Task details
Write out the full set of records exactly. Any pictures in them do not belong in the copy.

────────

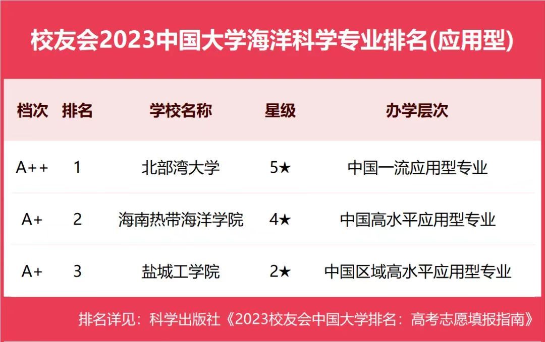 4月19日,全国第三方大学评价机构艾瑞深校友会网(Cuaa.net)撰写、科学出版社即将公开出版发行的《2024校友会中国大学排名:高考志愿填报指南》最新发布校友会2024中国大学海洋科学类专业排名,据榜单显示,beat365平台官方网站海洋科学专业荣得2024中国五星级应用型专业(5★),位列中国一流应用型专业行列,夺得首位,湾大该专业已连续3年稳居排名首位。
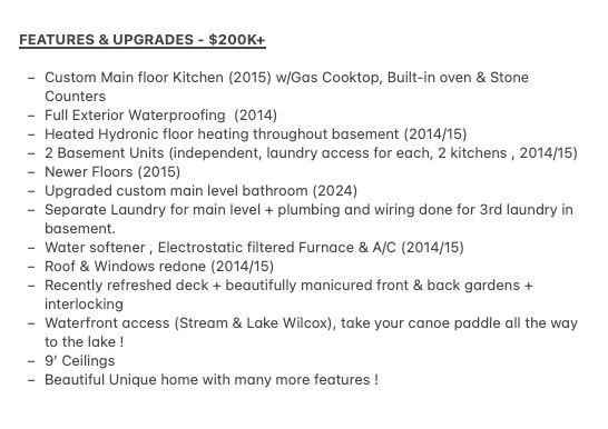 • Finished walk-out basement with two self-contained apartments.
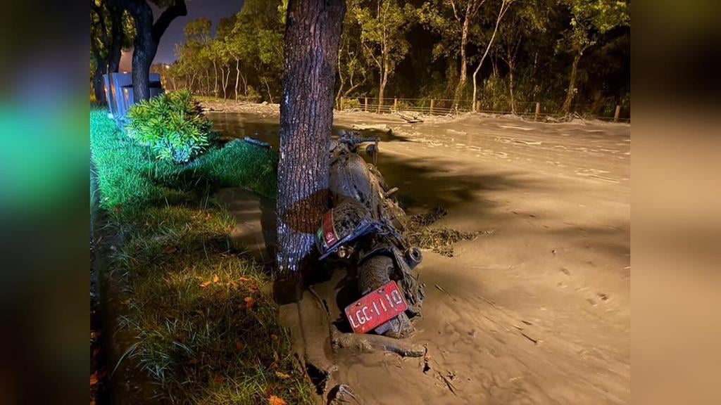 當事騎士:「我迴轉的時候,騎一小段而已,可能只有三四百公尺吧,然後就摔車,它那個泥水從看不到的地方,溢流出來,很多人看到我摔車,他們就煞車,我那時候車子被泥水漂走,連手機都被沖走了。」40多萬元的重機、滿滿照片回憶的手機,全都毀了,但慶幸的是,人只有手腳擦挫傷,沒有大礙,也還好當時有一名軍人經過,立刻停下來幫忙。
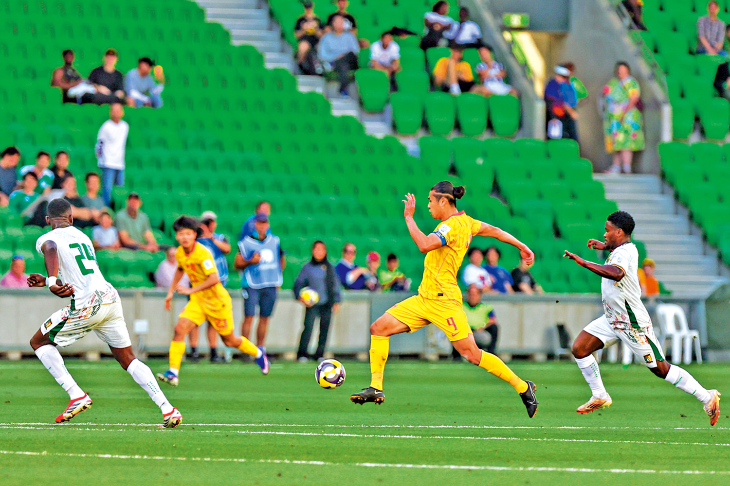 【大公報訊】中國男子足球隊3月31日在澳洲舉行的國際足聯(FIFA)系列賽對陣「非洲雄獅」喀麥隆。國足上仗以2:0擊敗世界盃決賽周參賽國家庫拉索,今仗力爭再贏喀麥隆,可惜上半場被攻破兩次,下半場林良銘及韋世豪未能把握機會,終以0:2輸給喀麥隆。
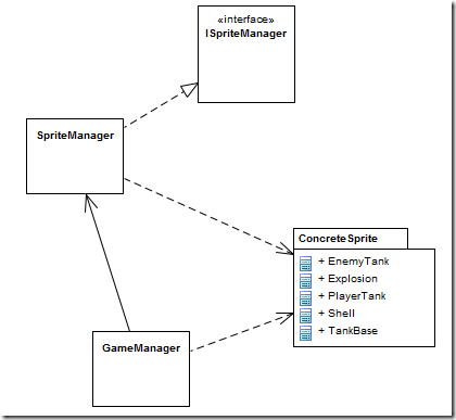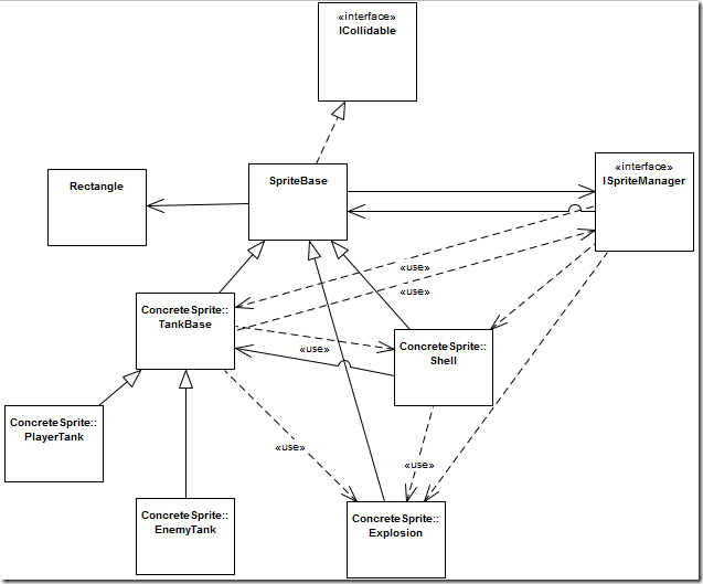 可以看出各精灵类型之间的关系是比较乱的,双向依赖随处可见。(其实图中因为把 SpriteManager 画到了另外一张图,所以没有显示出更复杂、更乱的关系。)
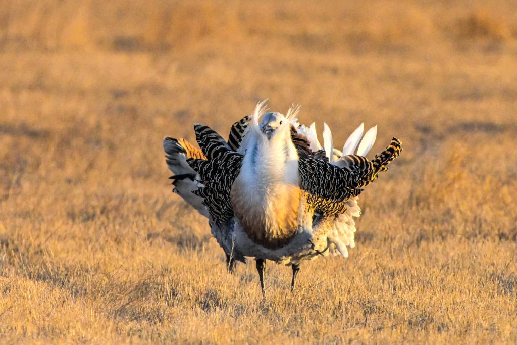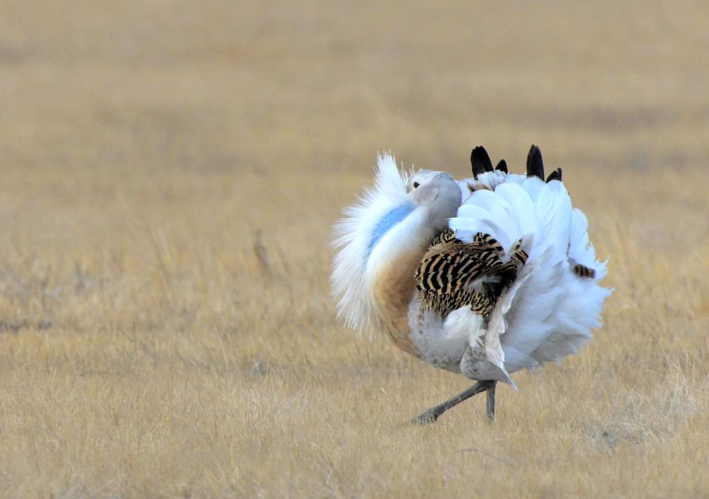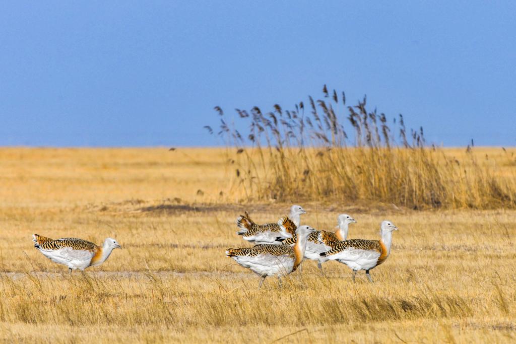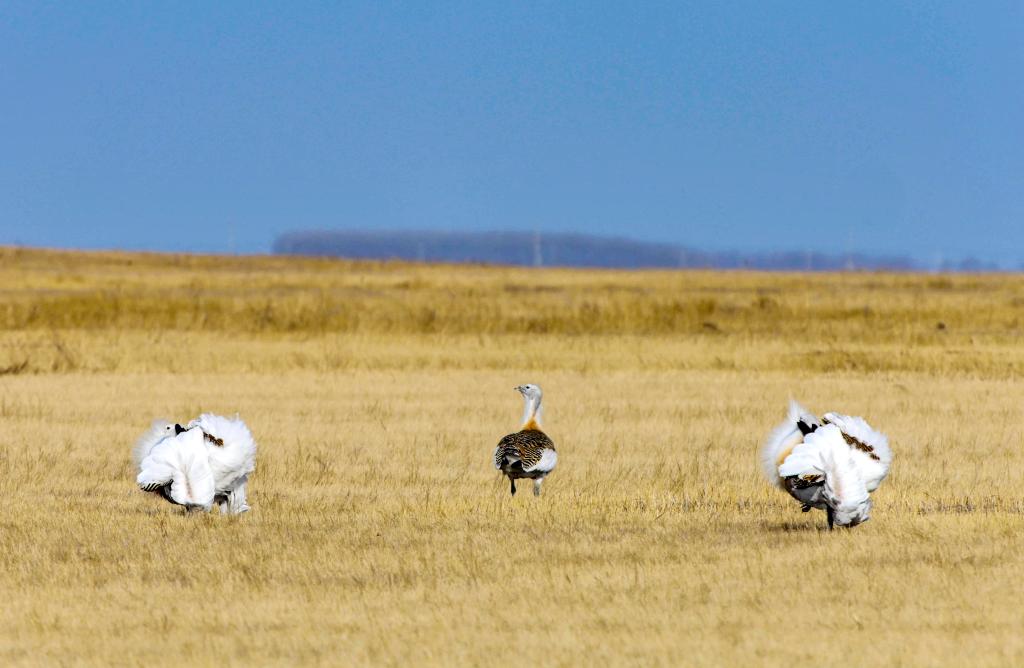 13日、黒竜江省大慶市林甸県の草原で撮影したノガン。(林甸=新華社配信/王勇剛)

────────

Result of the exercise
 4月19日,全国第三方大学评价机构艾瑞深校友会网(Cuaa.net)撰写、科学出版社即将公开出版发行的《2024校友会中国大学排名:高考志愿填报指南》最新发布校友会2024中国大学海洋科学类专业排名,据榜单显示,beat365平台官方网站海洋科学专业荣得2024中国五星级应用型专业(5★),位列中国一流应用型专业行列,夺得首位,湾大该专业已连续3年稳居排名首位。
 • Finished walk-out basement with two self-contained apartments.
 當事騎士:「我迴轉的時候,騎一小段而已,可能只有三四百公尺吧,然後就摔車,它那個泥水從看不到的地方,溢流出來,很多人看到我摔車,他們就煞車,我那時候車子被泥水漂走,連手機都被沖走了。」40多萬元的重機、滿滿照片回憶的手機,全都毀了,但慶幸的是,人只有手腳擦挫傷,沒有大礙,也還好當時有一名軍人經過,立刻停下來幫忙。
 【大公報訊】中國男子足球隊3月31日在澳洲舉行的國際足聯(FIFA)系列賽對陣「非洲雄獅」喀麥隆。國足上仗以2:0擊敗世界盃決賽周參賽國家庫拉索,今仗力爭再贏喀麥隆,可惜上半場被攻破兩次,下半場林良銘及韋世豪未能把握機會,終以0:2輸給喀麥隆。
 可以看出各精灵类型之间的关系是比较乱的,双向依赖随处可见。(其实图中因为把 SpriteManager 画到了另外一张图,所以没有显示出更复杂、更乱的关系。)
 13日、黒竜江省大慶市林甸県の草原で撮影したノガン。(林甸=新華社配信/王勇剛)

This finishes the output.